+++ Records for this exercise
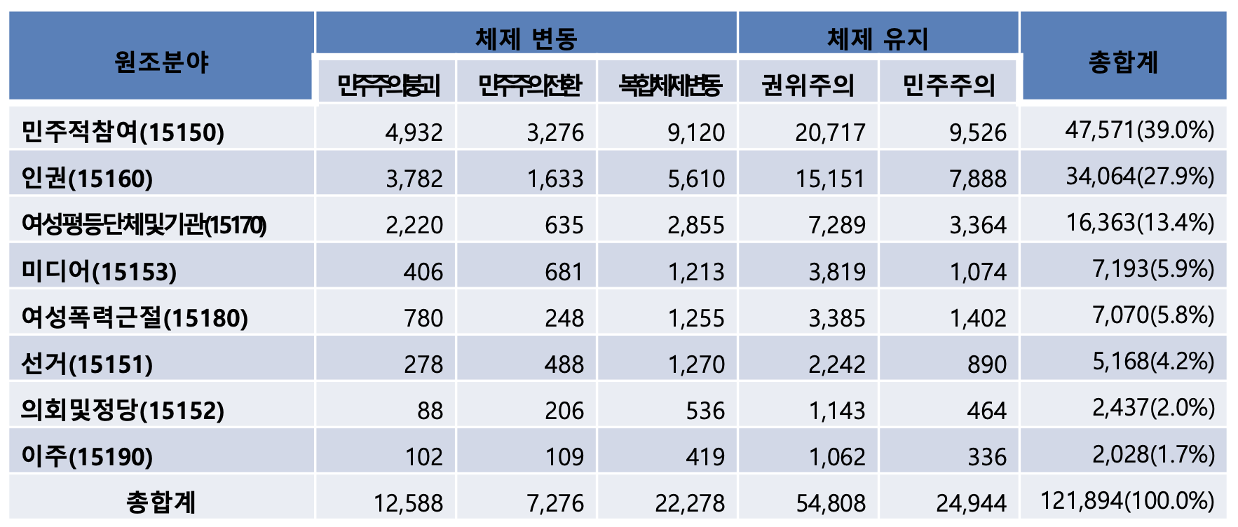 | ์์กฐ ๋ถ์ผ | ๋ฏผ์ฃผ์ ์ฐธ์ฌ(38.8%) > ์ธ๊ถ(28.1.%) > ์ฌ์ฑ๊ถ๋ฆฌ ์ ๋ ๊ตฌ์ถ(13.5%)์ด ๊ณตํต์ ์ผ๋ก ๋์ | ๋ฏผ์ฃผ์ ์ฐธ์ฌ(39.0%) > ์ธ๊ถ(27.9.%) > ์ฌ์ฑํ๋ฑ๋จ์ฒด ๋ฐ ๊ธฐ๊ด(13.4%)์ด ๊ณตํต์ ์ผ๋ก ๋์ | ์ฌ์ฑํ๋ฑ๋จ์ฒด ๋ฐ ๊ธฐ๊ด(57.6%) > ์ ๊ฑฐ(14.8%) > ์ธ๊ถ(12.0%)์ด ๊ณตํต์ ์ผ๋ก ๋์ ํนํ ์ฌ์ฑํ๋ฑ๋จ์ฒด ๋ฐ ๊ธฐ๊ด์ ๋ํ ์ง์์ด ์๋์ |
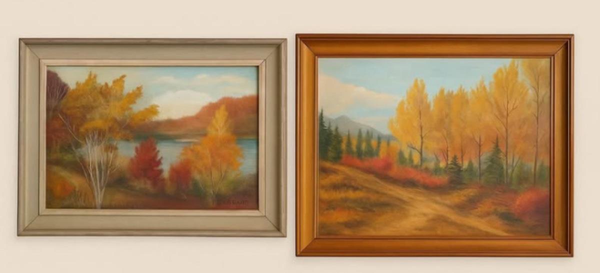 Pair of Vintage Canadian Oil Paintings – Autumn Landscape Scenes
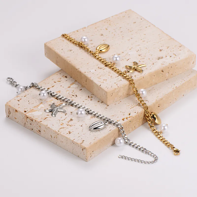 Zomerse armband met zeester, schelp en parels. Verkrijgbaar in goud en zilver.
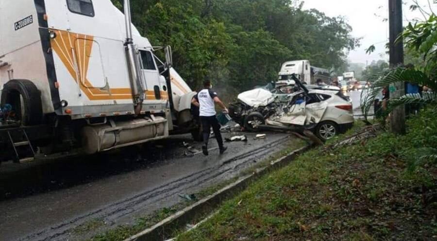 Un violento accidente de tránsito tuvo lugar en el km 249 de la ruta al Atlántico, a inmediaciones de la aldea Cerro Azul, en el municipio de Morales, Izabal.
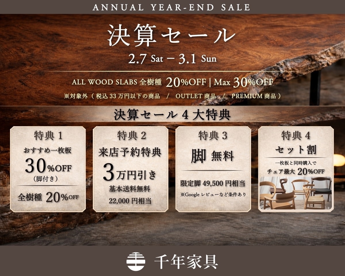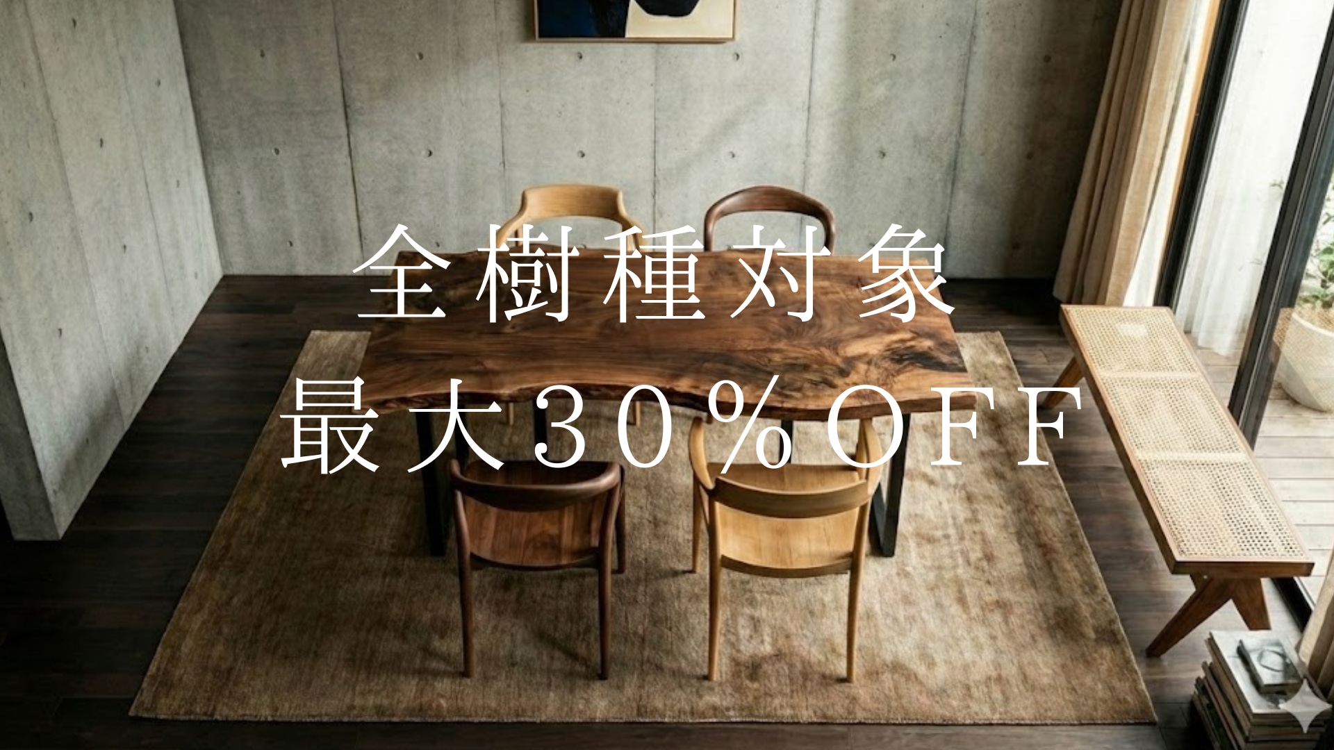 店舗おすすめ一枚板を30%OFF、全樹種を対象に20%OFFでご案内いたします。
++++++
> [Exercise directions]:
Each line from the one containing "Un violento accidente" through the last line of the listing must be copied exactly, and the pictures must not be.

> [Result]:
 Un violento accidente de tránsito tuvo lugar en el km 249 de la ruta al Atlántico, a inmediaciones de la aldea Cerro Azul, en el municipio de Morales, Izabal.
 店舗おすすめ一枚板を30%OFF、全樹種を対象に20%OFFでご案内いたします。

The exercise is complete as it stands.